Although the list is too long for a blog post, I have selected new favorites from each category to share here. Along the way are pictures of Inly students which were taken during our annual “Drop Everything and Read” hour last week.

Picture Books

My Pet Wants a Pet by Elise Broach (A fun read-aloud a boy who gets a new puppy – and then his puppy wants his own pet.)

Floaty by John Himmelman (Grouchy Mr. Raisin finds a basket on his front doorstep – and finds a dog that can’t stay on the ground!)

The Little Red Fort by Brenda Maier (a fun tribute to creative young problem solvers)

Sun by Sam Usher (the third title in Usher’s Seasons with Grandad series)

New Readers

Stella Diaz Has Something to Say by Angela Dominguez

Here’s a student review of Stella Diaz:

Stella Diaz is a funny and lighthearted chapter book, that you will read again and again. It is a heartwarming and lovable book, that is a great summer read!”

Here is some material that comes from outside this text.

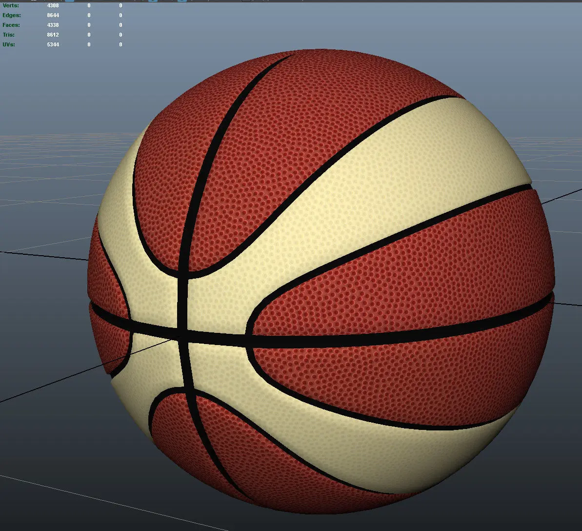 Lowpoly Basket Ball - Molten style.The UV Layout is for a texture 1:2.Polys: 4338Tris: 8612

Polly Diamond and the Magic Book by Alice Kuipers

Big Foot and Little Foot by Ellen Potter

Rosetown by Cynthia Rylant

Middle Grade Novels

The Miscalculations of Lighting Girl by Stacy McAnulty

Breakout by Kate Messner

Stanley Will Probably Be Fine by Sally Pla

Amal Unbound by Aisha Saeed

Front Desk by Kelly Yang

Happy Summer!



Two New Books and Ten Toddler Picks


I have two new books to recommend this week….

Blue Rider is a picture book by Geraldo Valerio. This is a wordless story, told in double page spreads beginning with an opening cityscape of blue and tan buildings. On the following page, a girl is looking out from one of those buildings, but she blends so seamlessly into the picture that you may not see her at first. When she steps outside, though, she becomes “bluer.” The people on the sidewalk, many of whom are looking down at their phones or wearing headphones, remain muted, but as you move further into the story, the blues begin to pop. The girl finds a blue book on the sidewalk, and like Max’s bedroom window in Where the Wild Things Are, the book is a portal to an unfamiliar and dazzling world. The pages of her new book literally explode into color – into pictures that start as what are clearly horses and buildings. But as you turn the pages, the images are deconstructed – they seem to fly apart. The more I look at it, the more magical it becomes. It’s definitely a book that belongs in every art teacher’s classroom.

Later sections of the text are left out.